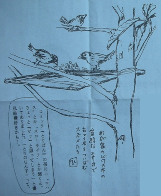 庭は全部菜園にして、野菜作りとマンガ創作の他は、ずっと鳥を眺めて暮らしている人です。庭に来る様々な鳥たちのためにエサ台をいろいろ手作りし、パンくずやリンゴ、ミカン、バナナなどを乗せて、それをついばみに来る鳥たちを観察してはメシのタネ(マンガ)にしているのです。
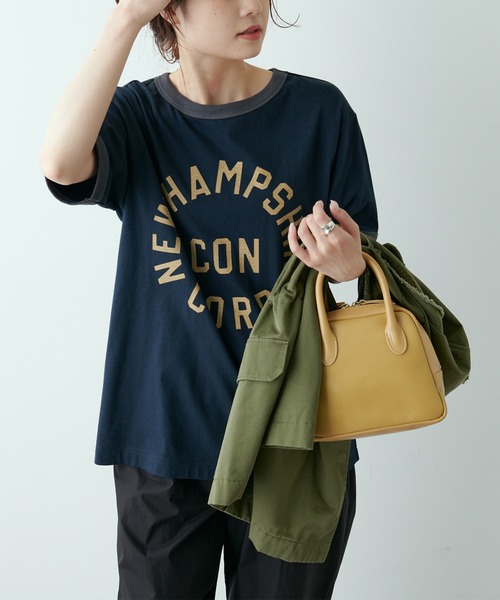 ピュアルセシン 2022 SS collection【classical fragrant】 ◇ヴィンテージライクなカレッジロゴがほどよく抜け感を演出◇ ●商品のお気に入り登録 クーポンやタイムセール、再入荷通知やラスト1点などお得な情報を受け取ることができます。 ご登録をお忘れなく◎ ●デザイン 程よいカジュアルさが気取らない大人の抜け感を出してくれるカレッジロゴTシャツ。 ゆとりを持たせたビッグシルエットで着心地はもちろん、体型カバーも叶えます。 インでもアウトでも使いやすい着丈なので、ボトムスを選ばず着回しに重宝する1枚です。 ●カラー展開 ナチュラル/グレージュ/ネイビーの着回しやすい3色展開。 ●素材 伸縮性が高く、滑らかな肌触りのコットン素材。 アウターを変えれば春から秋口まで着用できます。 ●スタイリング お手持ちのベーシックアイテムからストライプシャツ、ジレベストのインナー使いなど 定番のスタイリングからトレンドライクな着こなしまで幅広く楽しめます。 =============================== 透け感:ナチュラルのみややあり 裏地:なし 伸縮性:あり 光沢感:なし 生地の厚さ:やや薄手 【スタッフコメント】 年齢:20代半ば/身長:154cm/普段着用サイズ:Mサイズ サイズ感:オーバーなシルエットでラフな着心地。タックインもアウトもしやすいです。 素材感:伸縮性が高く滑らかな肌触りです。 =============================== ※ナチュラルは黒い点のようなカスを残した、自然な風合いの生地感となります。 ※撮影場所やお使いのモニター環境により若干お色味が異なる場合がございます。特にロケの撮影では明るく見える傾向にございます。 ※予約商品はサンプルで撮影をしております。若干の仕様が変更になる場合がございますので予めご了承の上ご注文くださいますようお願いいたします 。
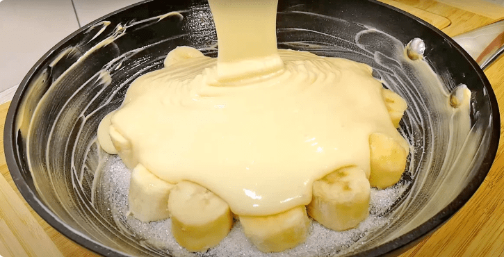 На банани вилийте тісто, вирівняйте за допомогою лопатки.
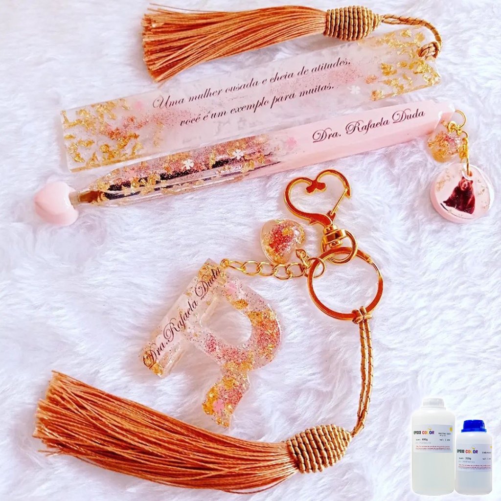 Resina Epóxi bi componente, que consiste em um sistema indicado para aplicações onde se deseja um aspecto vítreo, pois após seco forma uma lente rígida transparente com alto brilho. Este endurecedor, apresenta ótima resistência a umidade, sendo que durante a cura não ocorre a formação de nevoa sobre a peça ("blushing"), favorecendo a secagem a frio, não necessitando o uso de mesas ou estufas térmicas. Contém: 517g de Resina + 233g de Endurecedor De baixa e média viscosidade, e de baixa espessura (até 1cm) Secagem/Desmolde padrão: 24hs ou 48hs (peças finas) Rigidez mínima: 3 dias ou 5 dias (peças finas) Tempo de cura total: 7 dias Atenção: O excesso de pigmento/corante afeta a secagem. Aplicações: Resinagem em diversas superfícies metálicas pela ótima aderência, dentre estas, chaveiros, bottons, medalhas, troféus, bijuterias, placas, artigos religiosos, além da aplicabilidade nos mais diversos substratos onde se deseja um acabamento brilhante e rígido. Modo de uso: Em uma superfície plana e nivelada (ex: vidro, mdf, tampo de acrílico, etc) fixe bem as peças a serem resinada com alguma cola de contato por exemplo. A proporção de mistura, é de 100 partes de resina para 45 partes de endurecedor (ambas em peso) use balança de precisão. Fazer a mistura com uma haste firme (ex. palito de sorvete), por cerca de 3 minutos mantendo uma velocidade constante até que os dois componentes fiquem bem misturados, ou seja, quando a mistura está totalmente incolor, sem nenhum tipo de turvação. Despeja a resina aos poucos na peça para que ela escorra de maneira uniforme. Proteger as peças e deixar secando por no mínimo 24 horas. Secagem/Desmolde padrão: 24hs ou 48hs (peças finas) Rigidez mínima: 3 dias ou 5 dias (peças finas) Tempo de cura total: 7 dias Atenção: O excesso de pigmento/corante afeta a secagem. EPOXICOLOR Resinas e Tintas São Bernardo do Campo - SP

═══

:: ABOUT THIS TASK ::
Above, find the line holding "ピュアルセシン 2022 SS" and the line holding "На банани вилийте". Print exactly those two lines and every line between them, but no pictures.

:: THE ANSWER ::
 ピュアルセシン 2022 SS collection【classical fragrant】 ◇ヴィンテージライクなカレッジロゴがほどよく抜け感を演出◇ ●商品のお気に入り登録 クーポンやタイムセール、再入荷通知やラスト1点などお得な情報を受け取ることができます。 ご登録をお忘れなく◎ ●デザイン 程よいカジュアルさが気取らない大人の抜け感を出してくれるカレッジロゴTシャツ。 ゆとりを持たせたビッグシルエットで着心地はもちろん、体型カバーも叶えます。 インでもアウトでも使いやすい着丈なので、ボトムスを選ばず着回しに重宝する1枚です。 ●カラー展開 ナチュラル/グレージュ/ネイビーの着回しやすい3色展開。 ●素材 伸縮性が高く、滑らかな肌触りのコットン素材。 アウターを変えれば春から秋口まで着用できます。 ●スタイリング お手持ちのベーシックアイテムからストライプシャツ、ジレベストのインナー使いなど 定番のスタイリングからトレンドライクな着こなしまで幅広く楽しめます。 =============================== 透け感:ナチュラルのみややあり 裏地:なし 伸縮性:あり 光沢感:なし 生地の厚さ:やや薄手 【スタッフコメント】 年齢:20代半ば/身長:154cm/普段着用サイズ:Mサイズ サイズ感:オーバーなシルエットでラフな着心地。タックインもアウトもしやすいです。 素材感:伸縮性が高く滑らかな肌触りです。 =============================== ※ナチュラルは黒い点のようなカスを残した、自然な風合いの生地感となります。 ※撮影場所やお使いのモニター環境により若干お色味が異なる場合がございます。特にロケの撮影では明るく見える傾向にございます。 ※予約商品はサンプルで撮影をしております。若干の仕様が変更になる場合がございますので予めご了承の上ご注文くださいますようお願いいたします 。
 На банани вилийте тісто, вирівняйте за допомогою лопатки.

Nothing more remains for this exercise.